* **Records provided**
▬▬▬▬▬▬

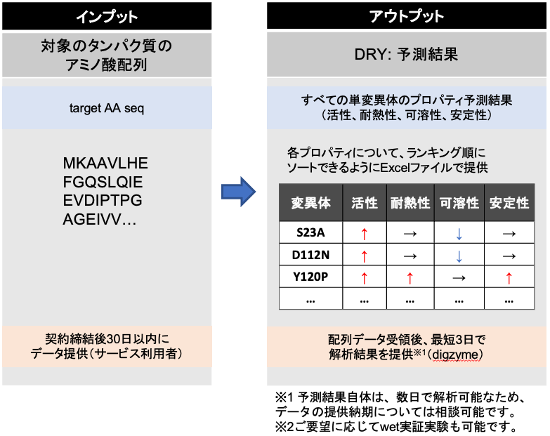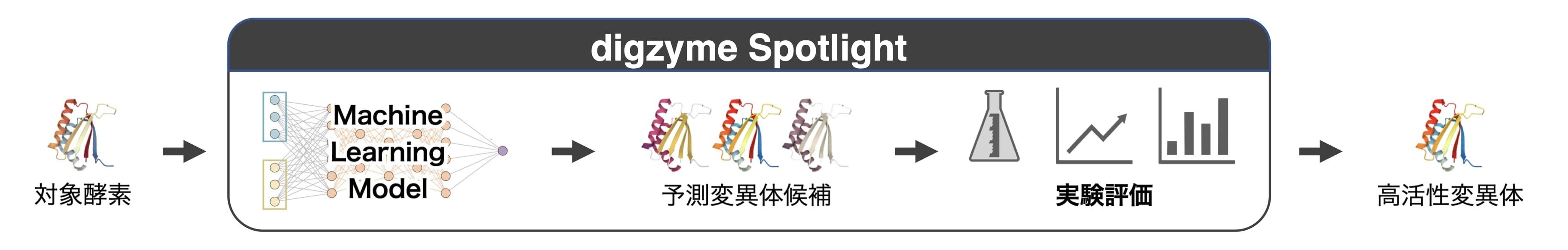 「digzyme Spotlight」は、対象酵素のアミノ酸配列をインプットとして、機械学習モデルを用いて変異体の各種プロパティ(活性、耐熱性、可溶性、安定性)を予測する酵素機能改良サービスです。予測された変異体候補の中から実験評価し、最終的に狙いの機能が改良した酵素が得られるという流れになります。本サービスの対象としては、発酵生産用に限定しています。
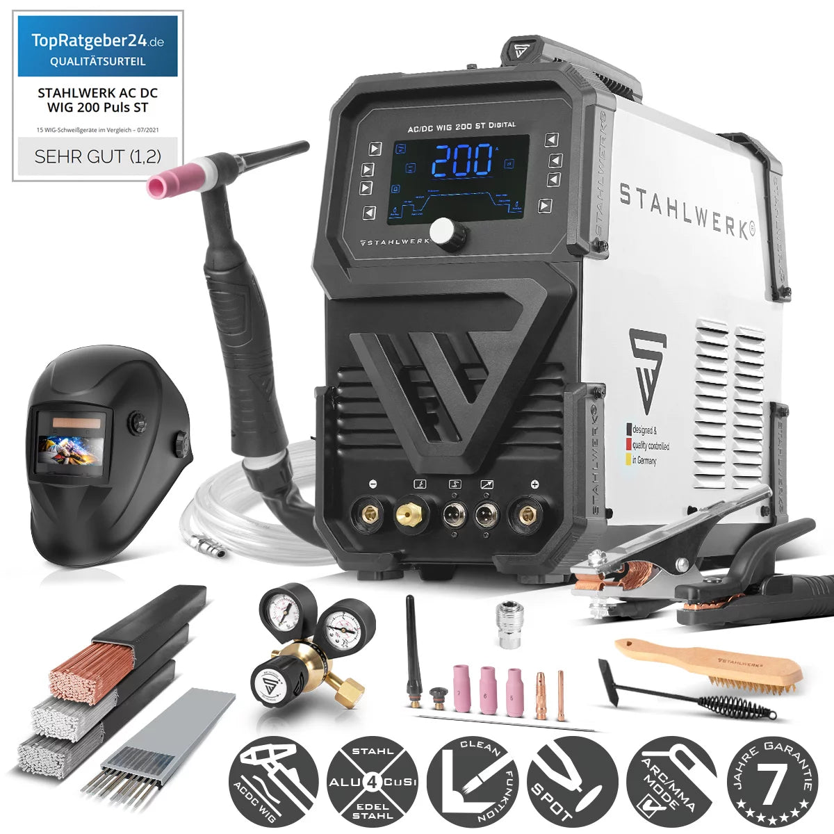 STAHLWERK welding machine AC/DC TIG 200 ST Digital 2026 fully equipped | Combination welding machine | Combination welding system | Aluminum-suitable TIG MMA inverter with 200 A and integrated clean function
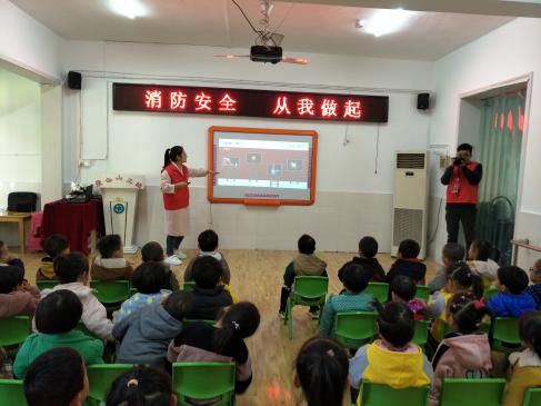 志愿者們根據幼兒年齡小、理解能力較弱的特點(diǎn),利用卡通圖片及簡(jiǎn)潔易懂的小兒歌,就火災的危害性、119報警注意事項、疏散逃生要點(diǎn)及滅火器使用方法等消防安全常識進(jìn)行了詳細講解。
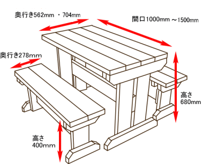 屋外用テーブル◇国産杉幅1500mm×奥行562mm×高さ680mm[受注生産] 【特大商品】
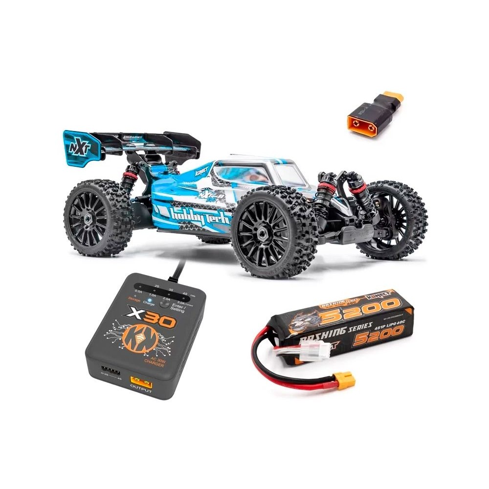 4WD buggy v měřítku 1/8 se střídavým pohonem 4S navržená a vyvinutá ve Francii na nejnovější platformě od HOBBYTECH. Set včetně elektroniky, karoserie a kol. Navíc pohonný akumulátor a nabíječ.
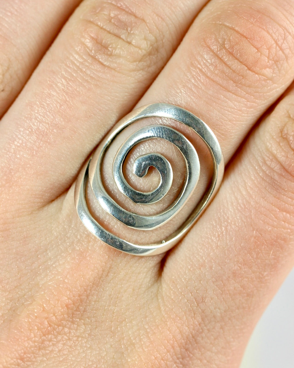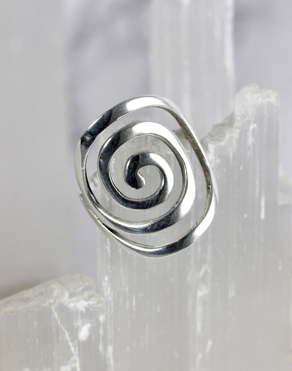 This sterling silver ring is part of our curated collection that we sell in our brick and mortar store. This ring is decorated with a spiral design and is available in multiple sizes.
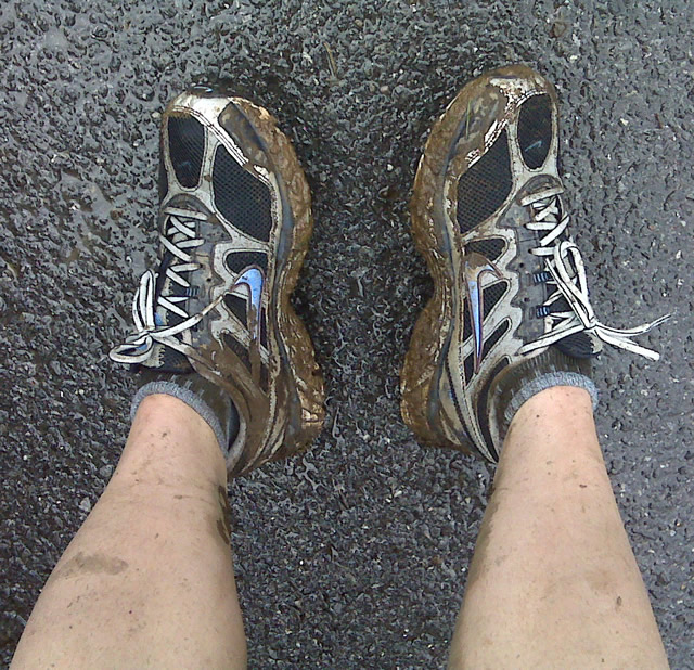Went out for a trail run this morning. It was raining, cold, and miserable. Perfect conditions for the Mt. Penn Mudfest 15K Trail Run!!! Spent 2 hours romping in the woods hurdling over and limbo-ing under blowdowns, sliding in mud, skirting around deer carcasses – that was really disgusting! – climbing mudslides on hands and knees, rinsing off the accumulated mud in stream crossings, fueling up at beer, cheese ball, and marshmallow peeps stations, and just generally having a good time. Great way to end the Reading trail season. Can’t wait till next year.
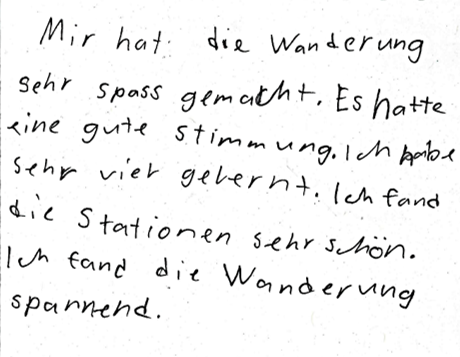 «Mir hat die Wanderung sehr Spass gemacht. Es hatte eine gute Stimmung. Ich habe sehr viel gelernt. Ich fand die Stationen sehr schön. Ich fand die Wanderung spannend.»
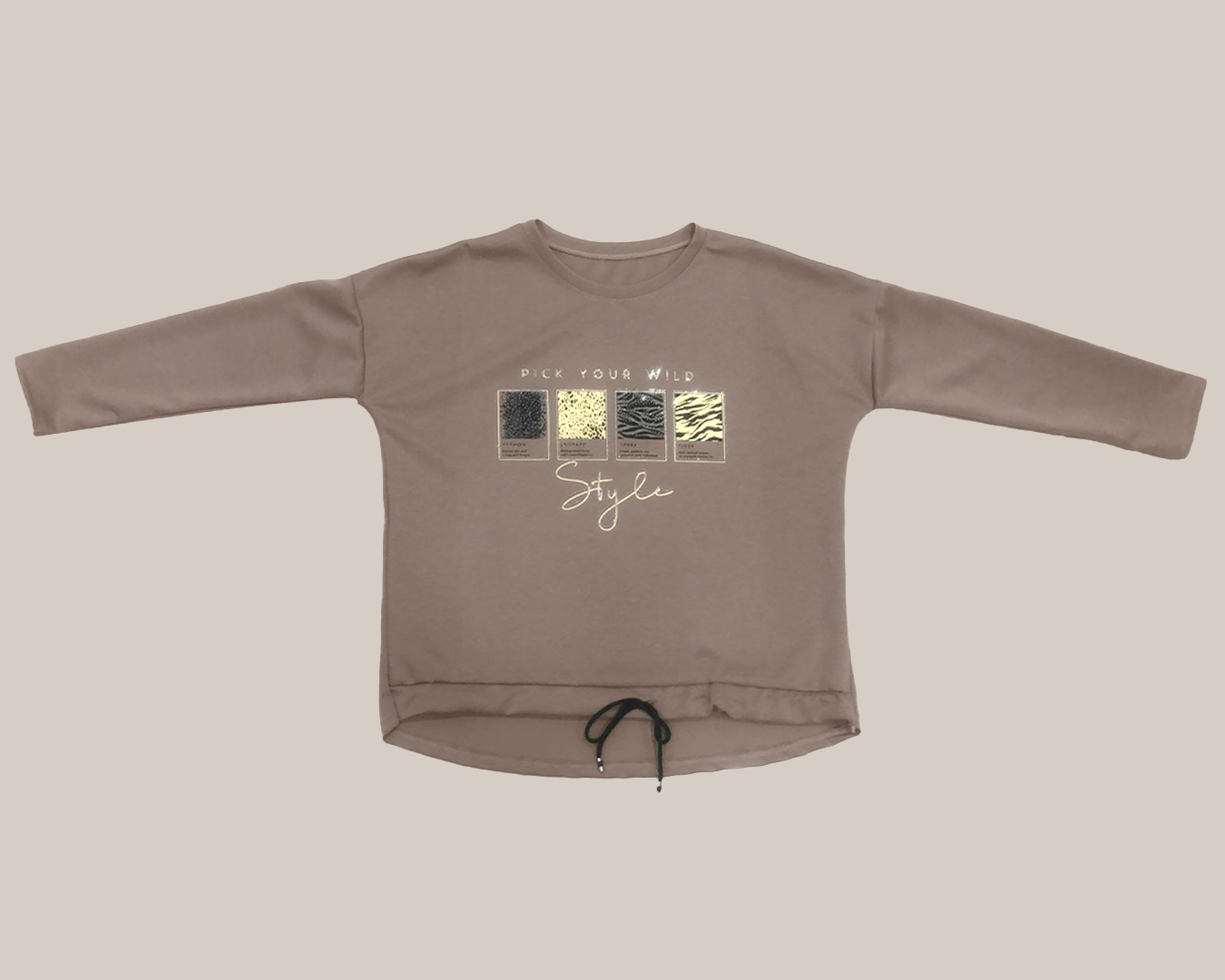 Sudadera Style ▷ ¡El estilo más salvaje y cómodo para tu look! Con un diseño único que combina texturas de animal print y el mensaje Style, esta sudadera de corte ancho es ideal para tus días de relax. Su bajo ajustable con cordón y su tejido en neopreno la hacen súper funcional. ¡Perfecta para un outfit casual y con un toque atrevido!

▬▬▬▬▬▬

* **Problem to work on**
This exercise asks for an exact copy of the lines from the first one in the data through the line that contains "STAHLWERK welding machine", pictures excluded.

* **Answer section**
 「digzyme Spotlight」は、対象酵素のアミノ酸配列をインプットとして、機械学習モデルを用いて変異体の各種プロパティ(活性、耐熱性、可溶性、安定性)を予測する酵素機能改良サービスです。予測された変異体候補の中から実験評価し、最終的に狙いの機能が改良した酵素が得られるという流れになります。本サービスの対象としては、発酵生産用に限定しています。
 STAHLWERK welding machine AC/DC TIG 200 ST Digital 2026 fully equipped | Combination welding machine | Combination welding system | Aluminum-suitable TIG MMA inverter with 200 A and integrated clean function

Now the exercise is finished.